▸ **Assignment**: An image-free, exact copy of the records below is required.

##### Supplied records

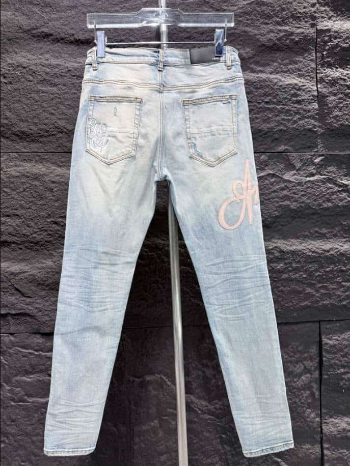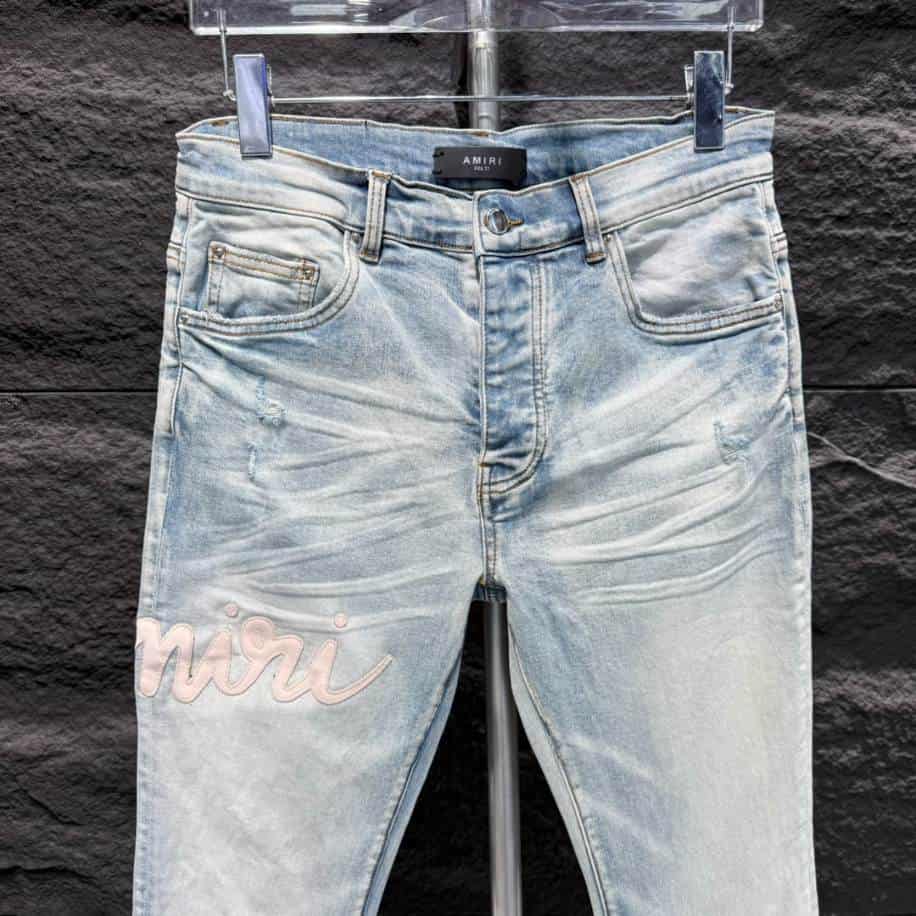 The Amiri Men Blue Script Logo Jeans replica brings the iconic style of the original design to an affordable option for fashion enthusiasts. These jeans feature a sleek blue denim base adorned with the signature Amiri script logo. Adding a bold, high-end streetwear vibe.
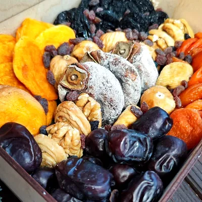 Идеальное сочетание полезных и вкусных натуральных продуктов. Вы найдете сушеные персики, оранжевую курагу, сладкие финики, чернослив теневой сушки, инжир, дыню, хурму и изюм. Этот бокс не только подарит незабываемые вкусовые ощущения, но и принесет неоценимую пользу вашему здоровью. Подарок на любой повод.
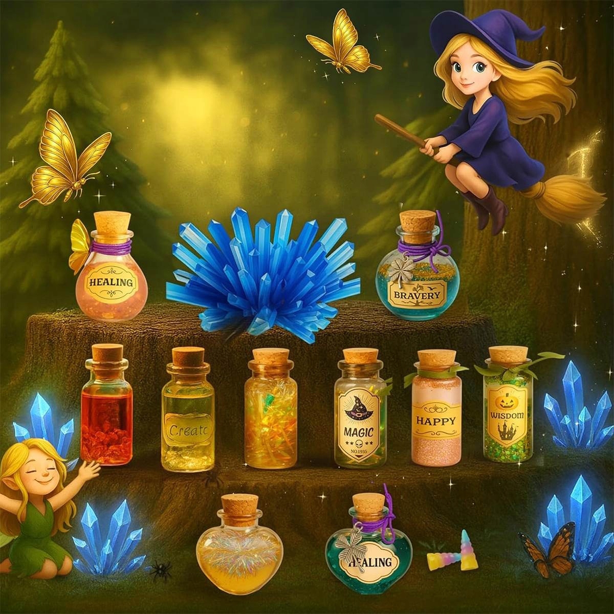 ⭐ Зберігання - готові зілля можна розмістити на полиці в прикріпленій коробці - вони виглядають як справжні зілля з казок.
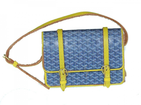 E.Goyard miniature model portfolio bag, leather, paper and glass long handle in blue and yellow handmade cm.Realizado measures 3.5 x2.2 by Jose Gomez.
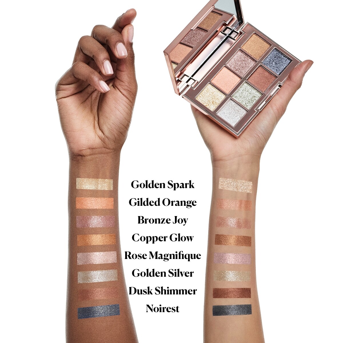 共推出兩款,一個是為熱愛眼影的彩妝控設計的「燦金眼彩修容盤」,15色眼影加上4色頰彩,輕鬆完成多變風格妝容。喜歡珠光眼影的人則可嘗試「燦金8色眼彩盤」,細緻珠光粉末搭配秋冬玫瑰暖色調,打造秋冬知性成熟 Look。
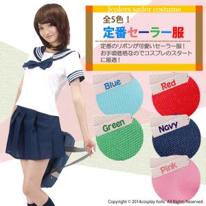 【コスプレホリック】セーラー服 コスプレ 半袖 ミニスカート リボン 6色 5サイズ 制服 JK 女子高校生 ハロウィン 仮装 文化祭 女性 大きいサイズ

##########

▸ **Your solution**:
 The Amiri Men Blue Script Logo Jeans replica brings the iconic style of the original design to an affordable option for fashion enthusiasts. These jeans feature a sleek blue denim base adorned with the signature Amiri script logo. Adding a bold, high-end streetwear vibe.
 Идеальное сочетание полезных и вкусных натуральных продуктов. Вы найдете сушеные персики, оранжевую курагу, сладкие финики, чернослив теневой сушки, инжир, дыню, хурму и изюм. Этот бокс не только подарит незабываемые вкусовые ощущения, но и принесет неоценимую пользу вашему здоровью. Подарок на любой повод.
 ⭐ Зберігання - готові зілля можна розмістити на полиці в прикріпленій коробці - вони виглядають як справжні зілля з казок.
 E.Goyard miniature model portfolio bag, leather, paper and glass long handle in blue and yellow handmade cm.Realizado measures 3.5 x2.2 by Jose Gomez.
 共推出兩款,一個是為熱愛眼影的彩妝控設計的「燦金眼彩修容盤」,15色眼影加上4色頰彩,輕鬆完成多變風格妝容。喜歡珠光眼影的人則可嘗試「燦金8色眼彩盤」,細緻珠光粉末搭配秋冬玫瑰暖色調,打造秋冬知性成熟 Look。
 【コスプレホリック】セーラー服 コスプレ 半袖 ミニスカート リボン 6色 5サイズ 制服 JK 女子高校生 ハロウィン 仮装 文化祭 女性 大きいサイズ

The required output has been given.